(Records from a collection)
══════════

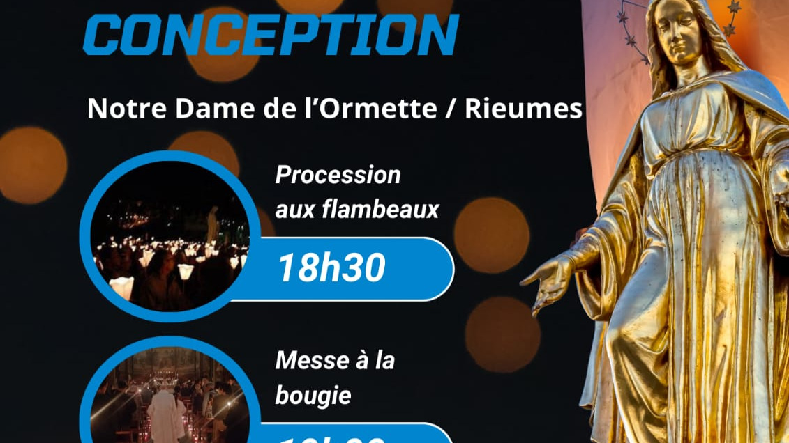 Lundi 9 décembre : procession entre l’Ormette et l’église de Rieumes à l’occasion de la fête de l Immaculée conception. 18h30 procession / 19h messe à la bougie.
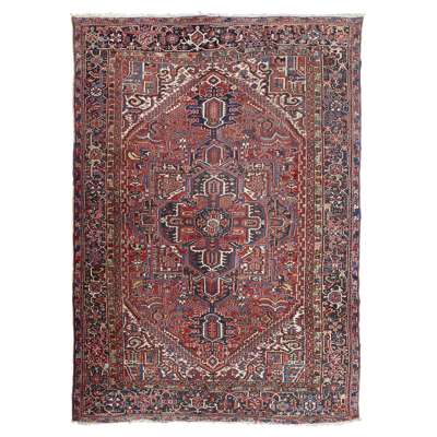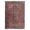 the red field with indigo/slate grey and salmon pink medallion, ivory and pink spandrels, within indigo/slate grey turtle palmette and vine border
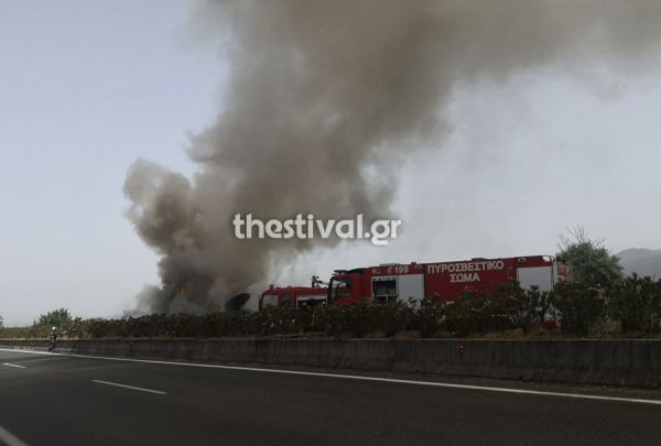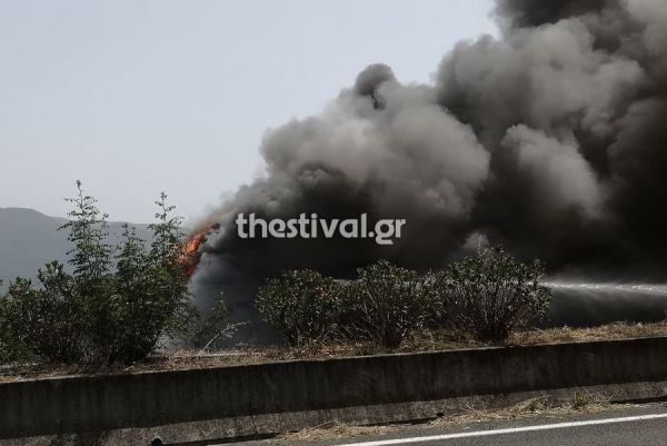 Βέροια: Νταλίκα τυλίχθηκε στις φλόγες στην Εγνατία Οδό
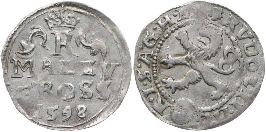 Malý groš 1598, K.Hora-Dominik, HN.8 (opis 7a), Ja.8a
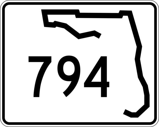 Keywords: Florida 794.svg 30 in by 24 in 750 mm by 600 mm Florida State Road shield made to the specifications of the http //www dot state fl us/rddesign/rd/RTDS/17355s1-12of12 pdf sign detail Uses the http //www triskele com/fonts/index html Roadgeek 2005 fonts United States law does not permit the copyrighting of typeface designs and the fonts are meant to be copies of a U S Government-produced work anyway The outside border has a width of 1 1/16 in and a color of black so it shows up; in reality signs have no outside border Note that the drawing does not provide the border width or curve radii The previous page does but seems very inaccurate Thus those measurements are approximated from the drawing The state outline is extracted from the PDF and cleaned up to make the inside match the outside own SPUI spuiother Florida State Road shields 794 794 number |

══════════

* **Exercise instructions**: Would you restate the records above word for word and exclude the pictures?

* **Task answer**:
 Lundi 9 décembre : procession entre l’Ormette et l’église de Rieumes à l’occasion de la fête de l Immaculée conception. 18h30 procession / 19h messe à la bougie.
 the red field with indigo/slate grey and salmon pink medallion, ivory and pink spandrels, within indigo/slate grey turtle palmette and vine border
 Βέροια: Νταλίκα τυλίχθηκε στις φλόγες στην Εγνατία Οδό
 Malý groš 1598, K.Hora-Dominik, HN.8 (opis 7a), Ja.8a
 Keywords: Florida 794.svg 30 in by 24 in 750 mm by 600 mm Florida State Road shield made to the specifications of the http //www dot state fl us/rddesign/rd/RTDS/17355s1-12of12 pdf sign detail Uses the http //www triskele com/fonts/index html Roadgeek 2005 fonts United States law does not permit the copyrighting of typeface designs and the fonts are meant to be copies of a U S Government-produced work anyway The outside border has a width of 1 1/16 in and a color of black so it shows up; in reality signs have no outside border Note that the drawing does not provide the border width or curve radii The previous page does but seems very inaccurate Thus those measurements are approximated from the drawing The state outline is extracted from the PDF and cleaned up to make the inside match the outside own SPUI spuiother Florida State Road shields 794 794 number |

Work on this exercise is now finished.